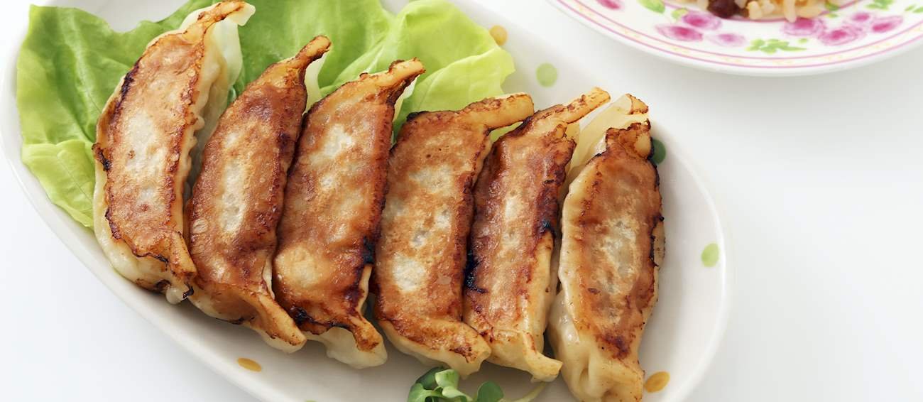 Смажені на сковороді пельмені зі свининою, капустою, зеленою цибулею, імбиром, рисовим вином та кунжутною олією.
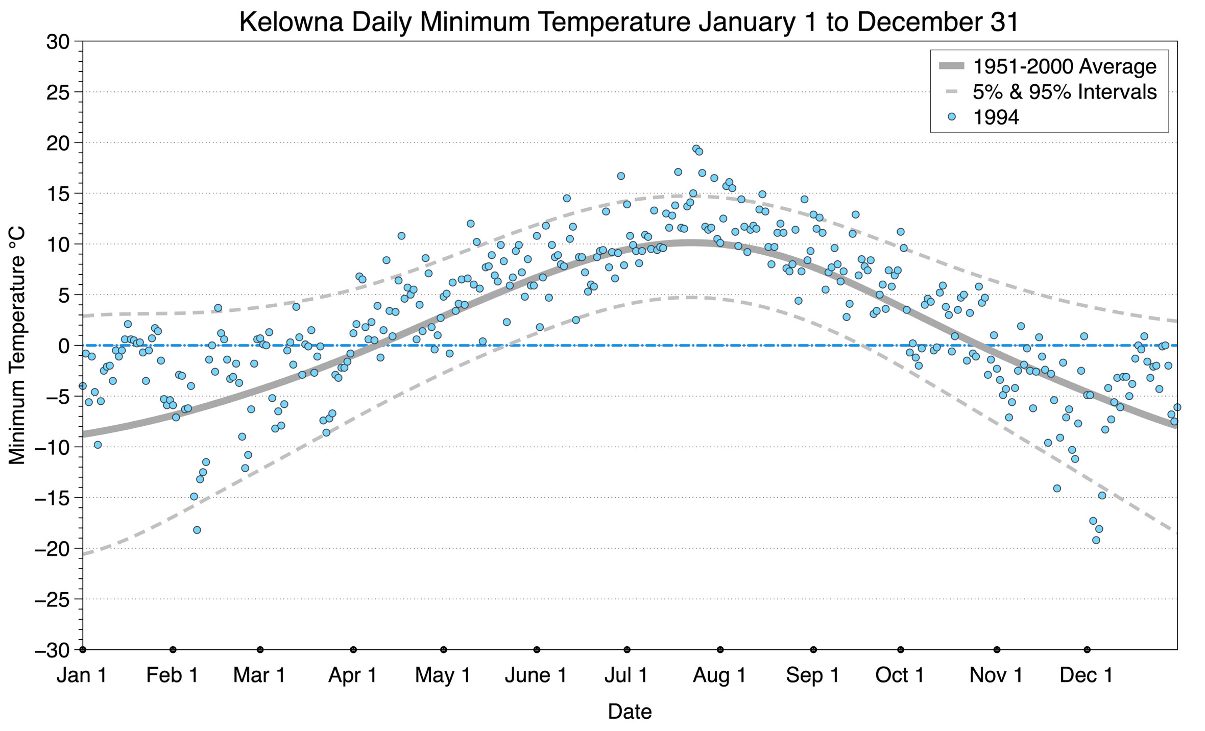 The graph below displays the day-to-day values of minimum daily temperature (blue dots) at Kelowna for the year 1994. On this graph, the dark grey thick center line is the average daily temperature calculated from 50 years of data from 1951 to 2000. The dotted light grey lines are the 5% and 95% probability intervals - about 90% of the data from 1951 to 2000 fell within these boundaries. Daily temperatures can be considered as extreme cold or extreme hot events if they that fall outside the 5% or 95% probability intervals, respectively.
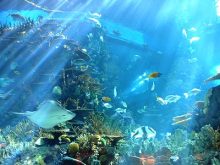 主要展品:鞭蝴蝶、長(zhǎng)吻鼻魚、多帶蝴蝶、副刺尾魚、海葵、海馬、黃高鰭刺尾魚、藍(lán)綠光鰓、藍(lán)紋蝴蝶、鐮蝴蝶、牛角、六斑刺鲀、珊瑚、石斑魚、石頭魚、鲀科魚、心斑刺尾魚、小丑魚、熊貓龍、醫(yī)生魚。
-=-=-
| EXERCISE |
Leave the pictures out and reproduce exactly the lines from the line with "The graph below" to the end of the material above.

| THE COMPLETED TASK |
 The graph below displays the day-to-day values of minimum daily temperature (blue dots) at Kelowna for the year 1994. On this graph, the dark grey thick center line is the average daily temperature calculated from 50 years of data from 1951 to 2000. The dotted light grey lines are the 5% and 95% probability intervals - about 90% of the data from 1951 to 2000 fell within these boundaries. Daily temperatures can be considered as extreme cold or extreme hot events if they that fall outside the 5% or 95% probability intervals, respectively.
 主要展品:鞭蝴蝶、長(zhǎng)吻鼻魚、多帶蝴蝶、副刺尾魚、海葵、海馬、黃高鰭刺尾魚、藍(lán)綠光鰓、藍(lán)紋蝴蝶、鐮蝴蝶、牛角、六斑刺鲀、珊瑚、石斑魚、石頭魚、鲀科魚、心斑刺尾魚、小丑魚、熊貓龍、醫(yī)生魚。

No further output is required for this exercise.